● Data to examine:
━━━━━━

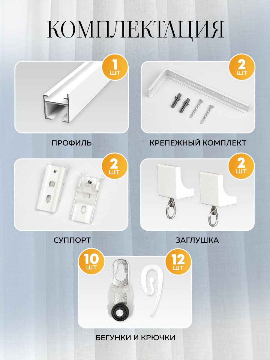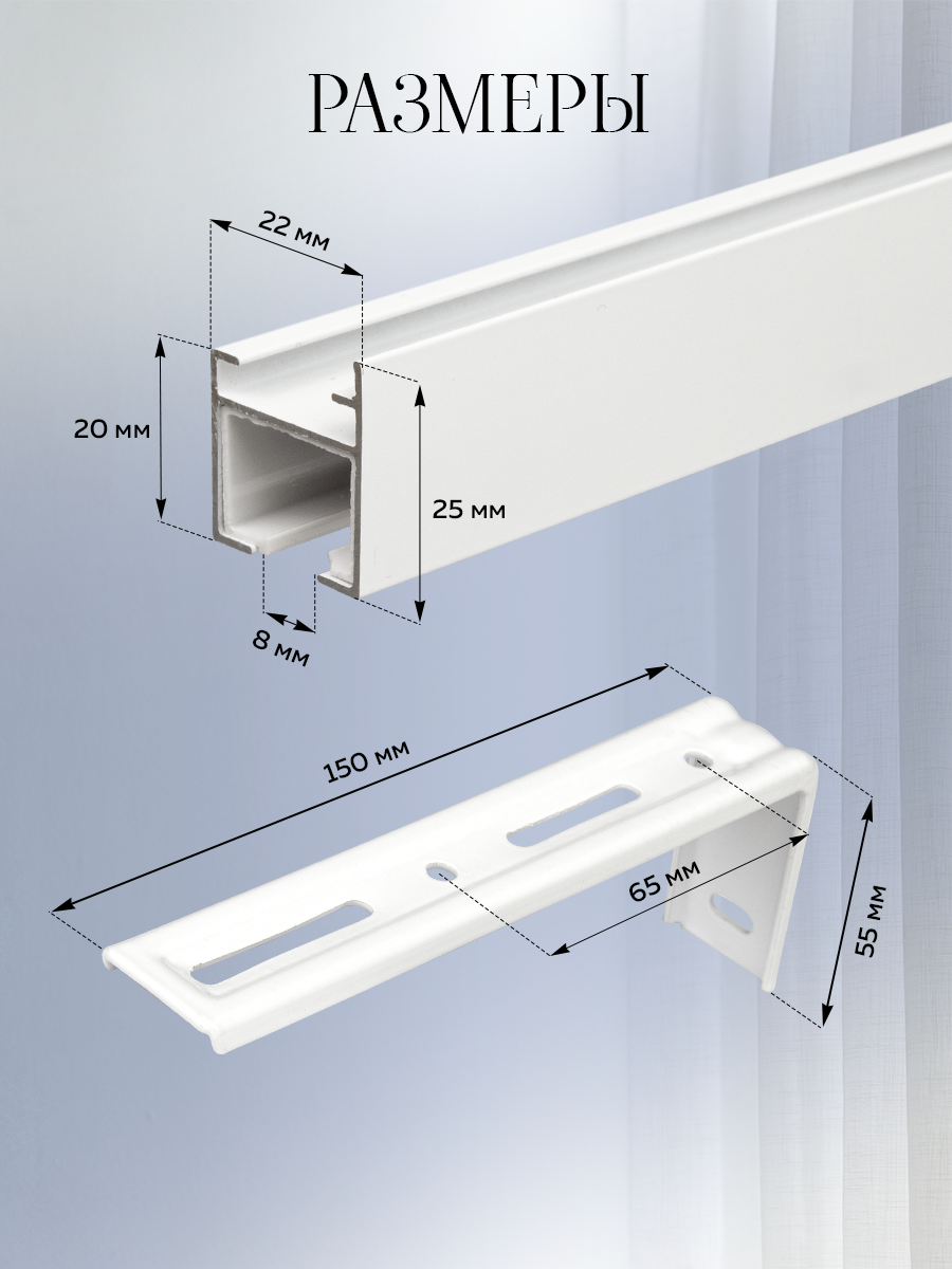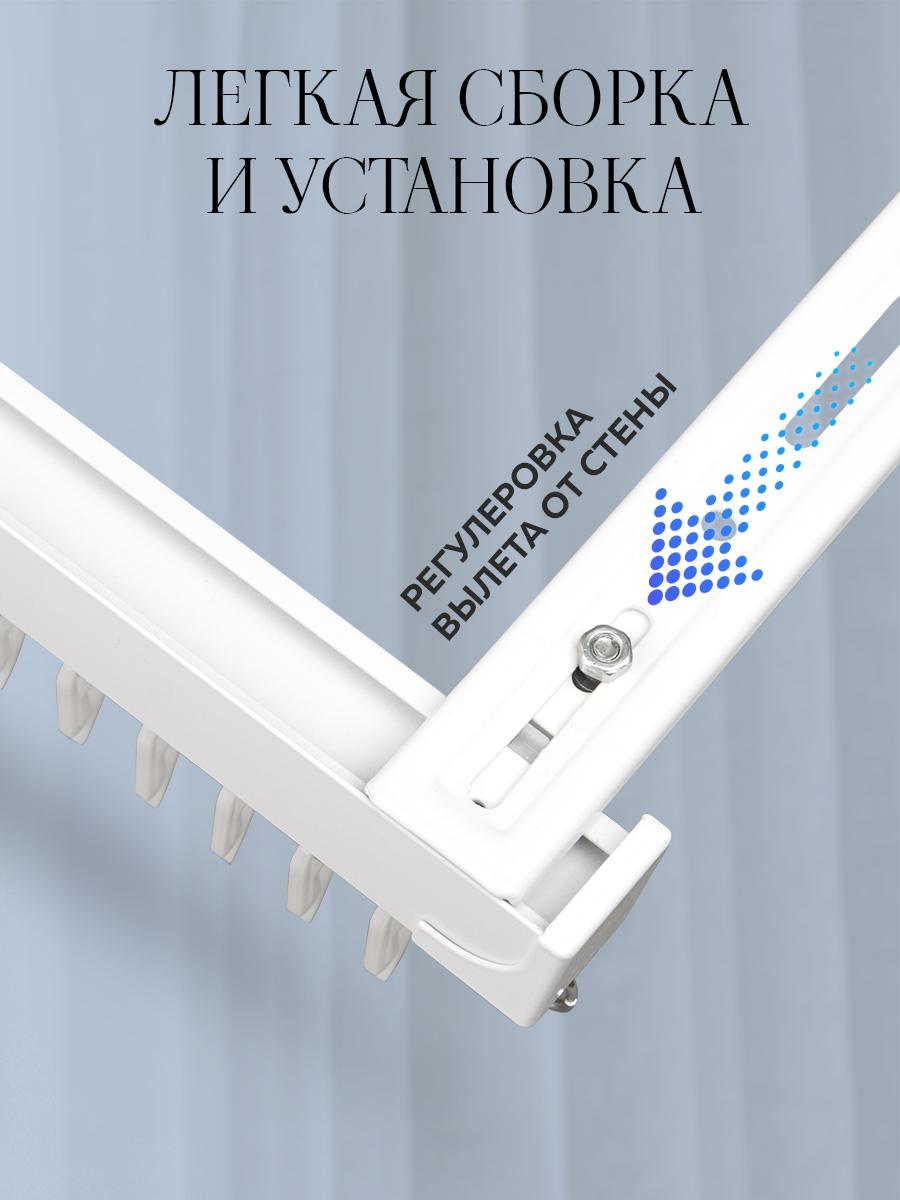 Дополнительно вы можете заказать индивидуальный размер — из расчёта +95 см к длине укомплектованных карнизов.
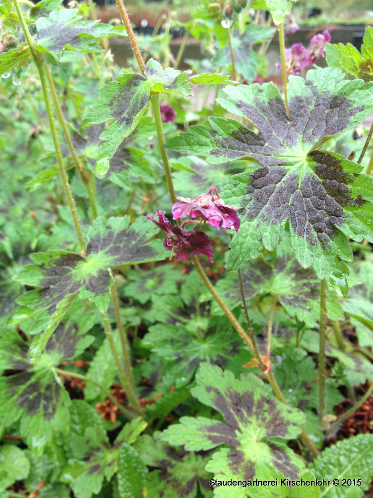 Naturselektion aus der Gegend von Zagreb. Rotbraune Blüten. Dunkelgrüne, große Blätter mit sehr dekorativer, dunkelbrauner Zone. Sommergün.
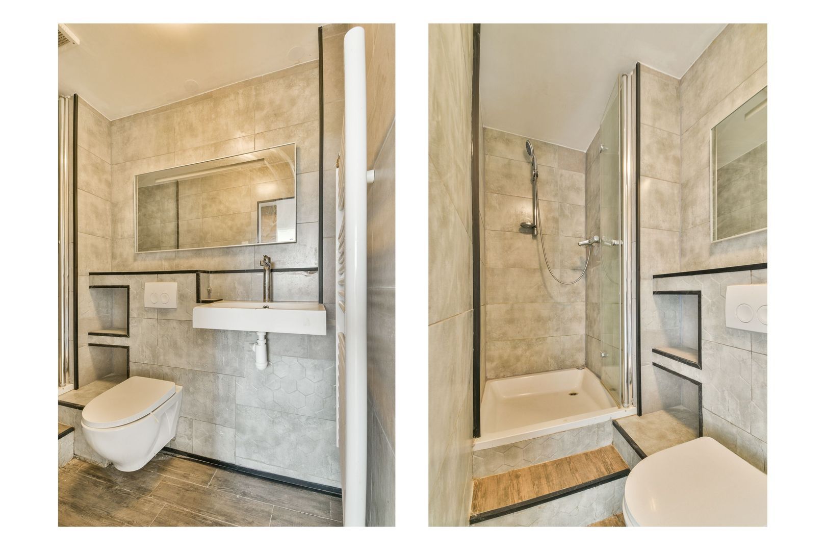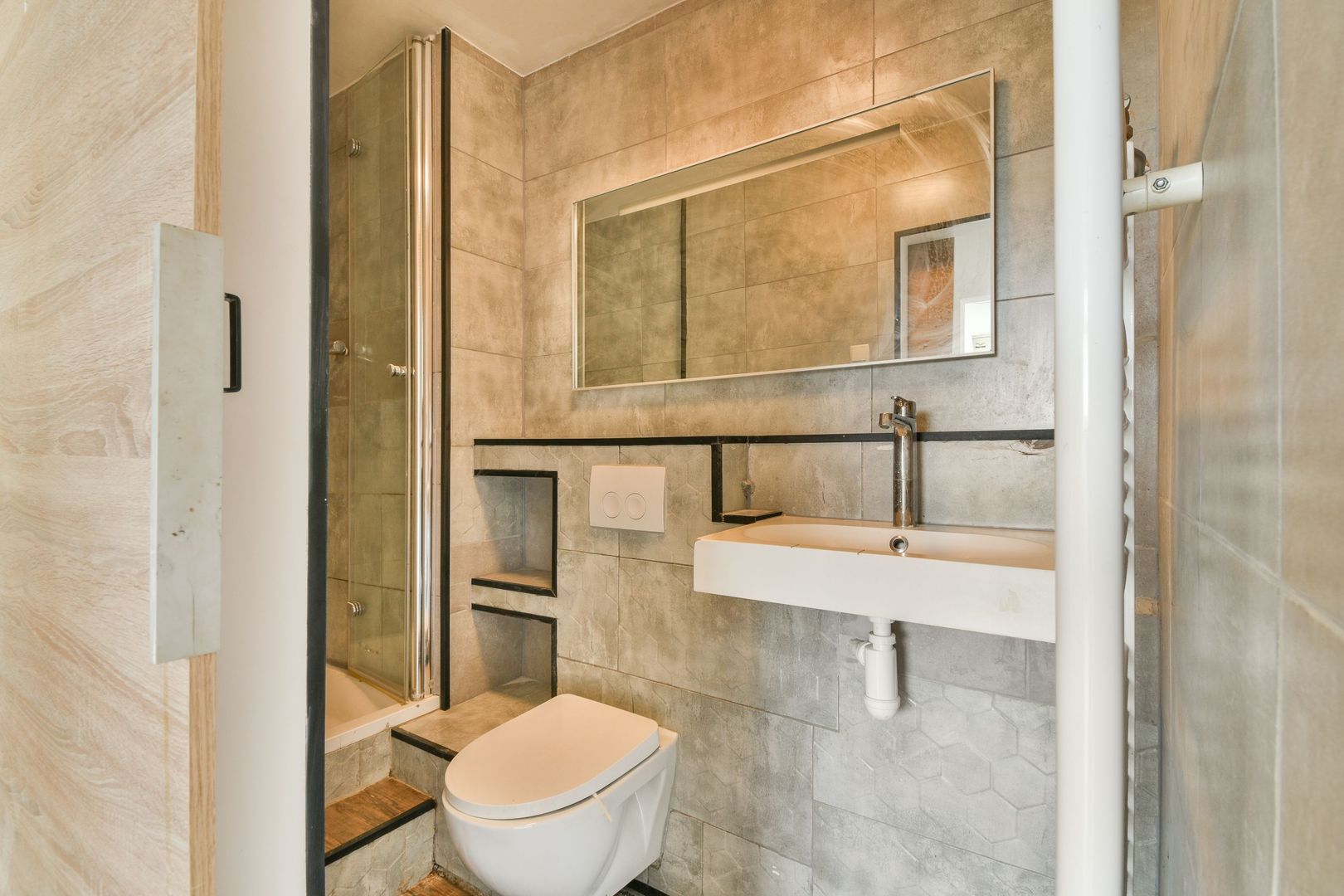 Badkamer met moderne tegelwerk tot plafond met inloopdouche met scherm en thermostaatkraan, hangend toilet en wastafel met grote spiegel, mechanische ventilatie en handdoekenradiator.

━━━━━━

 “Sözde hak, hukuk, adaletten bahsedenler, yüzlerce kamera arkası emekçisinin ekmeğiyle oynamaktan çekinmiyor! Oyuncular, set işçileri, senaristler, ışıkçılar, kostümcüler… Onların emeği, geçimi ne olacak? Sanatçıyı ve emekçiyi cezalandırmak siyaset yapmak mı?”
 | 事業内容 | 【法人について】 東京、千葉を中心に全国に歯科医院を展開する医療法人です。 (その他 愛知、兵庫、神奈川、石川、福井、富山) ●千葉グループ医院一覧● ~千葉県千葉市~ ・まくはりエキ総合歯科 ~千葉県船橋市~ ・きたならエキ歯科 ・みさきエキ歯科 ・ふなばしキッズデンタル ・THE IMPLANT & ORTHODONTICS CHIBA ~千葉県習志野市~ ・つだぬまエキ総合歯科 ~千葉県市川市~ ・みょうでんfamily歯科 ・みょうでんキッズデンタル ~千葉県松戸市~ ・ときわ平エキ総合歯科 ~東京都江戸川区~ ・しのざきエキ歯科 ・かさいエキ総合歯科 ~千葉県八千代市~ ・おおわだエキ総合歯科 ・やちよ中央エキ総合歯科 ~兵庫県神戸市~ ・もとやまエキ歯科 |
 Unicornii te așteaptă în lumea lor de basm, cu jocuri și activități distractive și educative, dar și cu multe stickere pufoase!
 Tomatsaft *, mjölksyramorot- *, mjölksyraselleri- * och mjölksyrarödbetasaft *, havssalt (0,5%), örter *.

━━━━━━

● How to complete this task:
Go to the line above that has "Дополнительно вы можете" and copy exactly from there down to the line that has "Badkamer met moderne", both included. Leave the pictures out.

● Result of this exercise:
 Дополнительно вы можете заказать индивидуальный размер — из расчёта +95 см к длине укомплектованных карнизов.
 Naturselektion aus der Gegend von Zagreb. Rotbraune Blüten. Dunkelgrüne, große Blätter mit sehr dekorativer, dunkelbrauner Zone. Sommergün.
 Badkamer met moderne tegelwerk tot plafond met inloopdouche met scherm en thermostaatkraan, hangend toilet en wastafel met grote spiegel, mechanische ventilatie en handdoekenradiator.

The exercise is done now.